Le fardeau. Constituer un fardeau pour autrui est un autre argument à double tranchant. Il est invoqué par les opposant à l’euthanasie qui soutiennent que si cette dernière était autorisée, alors les malades, craignant d’être un fardeau, demanderaient à mourir, ce qui serait une perversion majeure de notre système de santé. D’autres auteurs par contre estiment légitime le souci des personnes très malades de ne pas être un fardeau pour leurs proches et la société, car les premiers ont leur vie à mener et la seconde doit allouer avec justice les soins de santé sans conférer un poids disproportionné à la fin de la vie.

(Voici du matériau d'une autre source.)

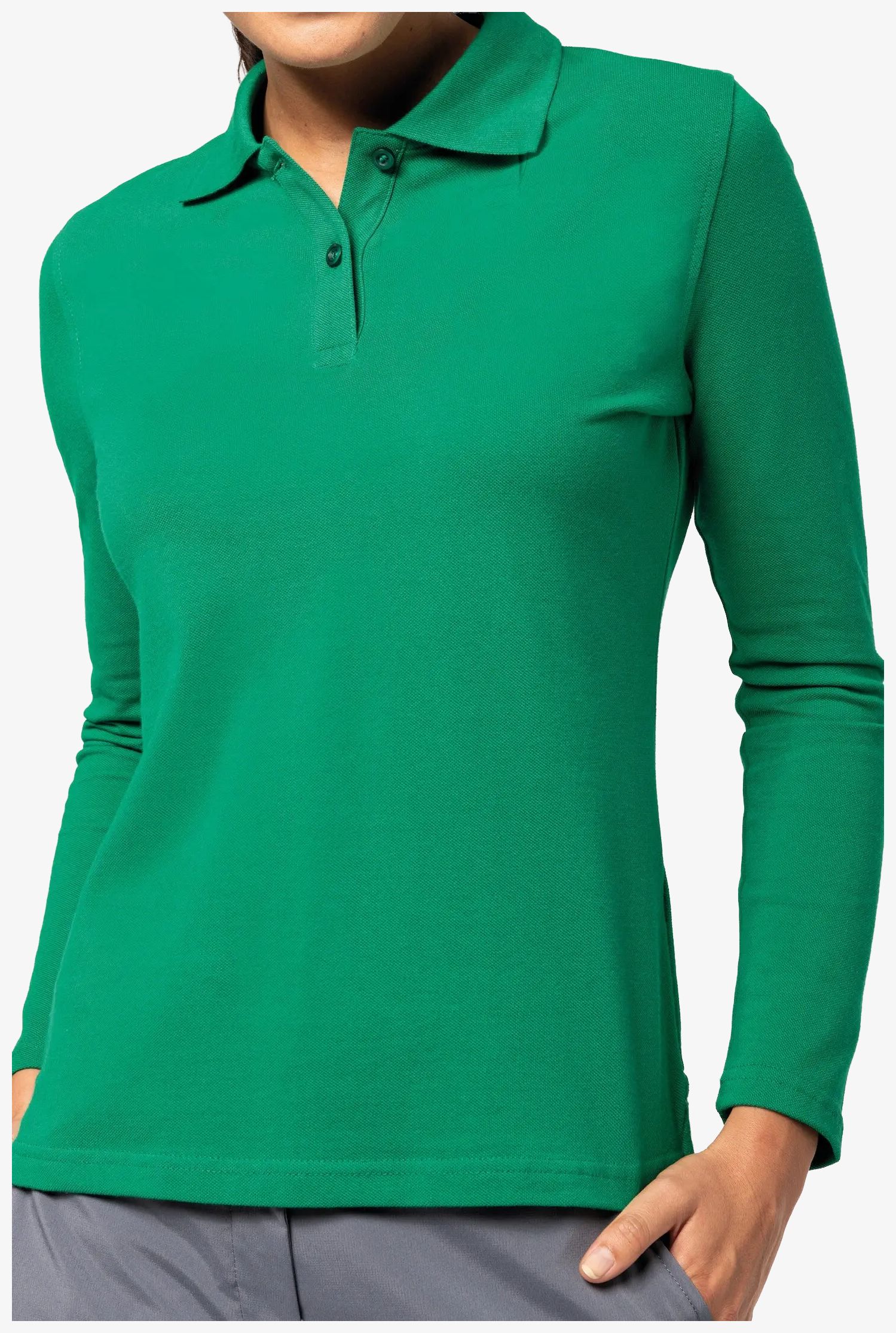 Le Polo manches longues femme convient à un usage quotidien, avec maille piquée, col bord-côte et patte de boutonnage à 2 boutons. Bande de propreté à l'encolure et fentes côtés contrastées.
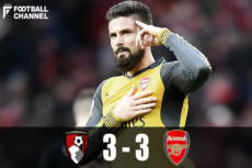 アーセナル、3点差からの怒涛の追い上げ! 好調ジルーの土壇場同点弾で引き分け

La mise sur pieds des soins palliatifs est toutefois une réponse à ce souci et évite en outre de faire porter le fardeau sur les épaules des proches.

Bibliographie

On trouvera une présentation de la législation et de textes à portée juridique de plusieurs pays occidentaux dans l’anthologie dirigée par Alberto Bondolfi, Frank Haldemann et Nathalie Maillard, La mort assistée en arguments, Genève, Georg, 2007. Cette anthologie publie aussi les textes contemporains des philosophes qui ont animé les débats, généralement traduits de l’anglais.

Pour une présentation générale et approfondie de la question de l’euthanasie, on se réfèrera au livre de Jean-Yves Goffi, Penser l’euthanasie, Paris, PUF, 2004. Les différentes positions et les arguments développés dans le débat y sont examinés de manière critique.

Les différents comités nationaux d’éthique ont aussi pris position sur l’euthanasie et l’assistance au suicide; on pourra trouver leurs avis sur leurs sites internet respectifs.